作者は家具工房『ラントマン』代表で、創業者・河原氏のお兄様でもある河原美比古(かわはらよしひこ)氏。ところどころ反ったり、曲がったりしていますが、それも木が生きているからこその味わい。店の守り神として、毎日、ていねいに磨きあげています。
エントランスの絵画
入り口のドアを開けた正面と左手の壁に、赤が印象的な絵画を飾っています。これは福岡在住の画家で、ニューヨーク近代美術館(MOMA)に日本人として唯一、作品が収蔵されている滝純一先生の作品。ダイニングバーという環境に合わせて、ワインと食べ物をモチーフにした静物画をご提供くださいました。入店時、あるいはお帰りの際に、ぜひじっくり鑑賞してください。
壁を彩る11枚のフォトグラフ


白壁を飾る11枚の写真は、福岡を代表するデザイナーのひとり、石川博己氏によるものです。写真家としても高い評価を得ている石川氏が、毎月テーマを絞って11枚の写真を展示します。

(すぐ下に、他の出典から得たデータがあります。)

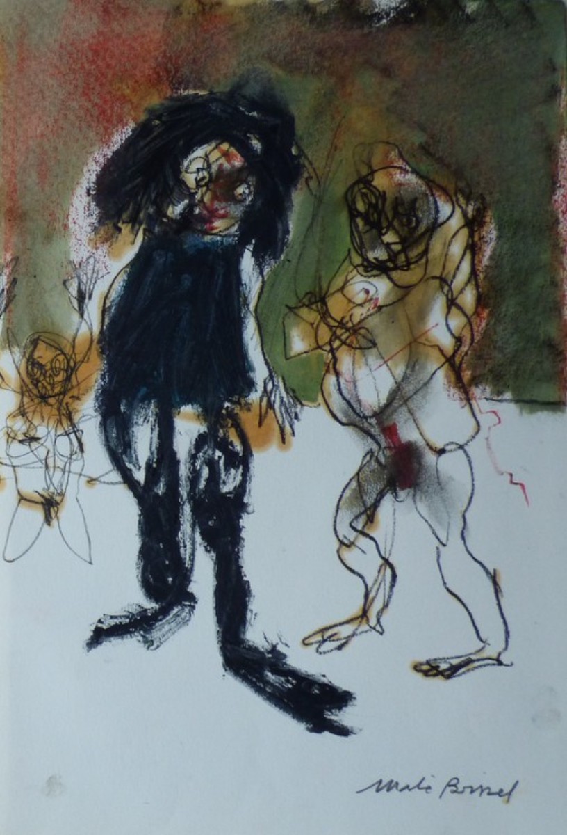 Mahé Boissel est née à Perpignan. Elle vit et travaille à Paris et Marseille. Sa jeunesse troublée par des problèmes de santé et par des relations familiales conflictuelles transparaît dans son univers pictural. Mahé Boissel, de sa place de femme, interroge sans cesse l’humain pour connaître son secret : comment fait-il sa vie ? De quelle place nous parle-t-il ? L'artiste alors pose l’humain seul au centre de l’oeuvre, ou en dialogue à plusieurs. La construction est soit hiératique, soit suit les diagonales, ou encore s’élabore sur différents plans basculés sur un seul comme pour échapper à la perspective euclidienne et nous amener vers d’autres points de vue. Ses œuvres sont des mises en scène théâtralisées de le misère des hommes.

なぜ、11枚なのか。12は完全数であり、時間や年月の基準ともなる数字です。そこに1枚欠けていることで、「常に至らない自分たち」を自戒し、かつ「いつの日か完全を目指す志」を静かに表現しています。今月のテーマは「海」、福岡の西から東まで、様々な表情を見せる海を感じてください。
スタッフ
オーナー:元木哲三(もとき・てつぞう)
福岡市出身の1971年生まれ。雑誌記者、プロミュージシャンなどを経て、東京でフリーランスライターとして活動。2004年4月から上海に拠点を移し、08年1月に帰郷。現在も執筆活動を続けている。趣味は妖怪研究。
マネージャー:栗田真二郎(くりた・しんじろう)
福岡市出身、1973年生まれ。雑誌記者を経て、フリーライターに。グルメライター、コピーライター、シナリオライターとして福岡を中心に活動するかたわら、ラジオDJ&コメンテーターの経験を持つ器用貧乏。趣味は『タモリ倶楽部』を独りで鑑賞すること。無類のタモリ好き。
ATRのスーパーバイザー(順不同)
河原成美氏
言わずと知れたATR創業者。日本最高のラーメン職人であり、「博多 一風堂」などを展開する株式会社力の源カンパニー代表取締役を務める。
栗田善成氏
絶大な人気を誇る福岡のラジオパーソナイティで、マネージャー・栗田真二郎の実父。
滝悦子さん
福岡を代表する女流“辛口”エッセイスト。飲食店のプロデュースも数多く手がけている。
伊豆美沙子さん
亨保2年(1717年)創業以来、280年余り続いた「蔵元」の娘として生まれOL生活を経て、現在、酒のプロデュースと営業にあたる。ATRの清酒セレクトを担当。
友添けんじ氏
「酒の専門店 友添本店」店主。地酒、地焼酎に精通。ATRでは焼酎の品揃えをプロデュース。
中村浩一氏
ワインの角打ちでも有名な「酒屋ナカムラ」ディレクター。ATRではメニューに合うワインをセレクト。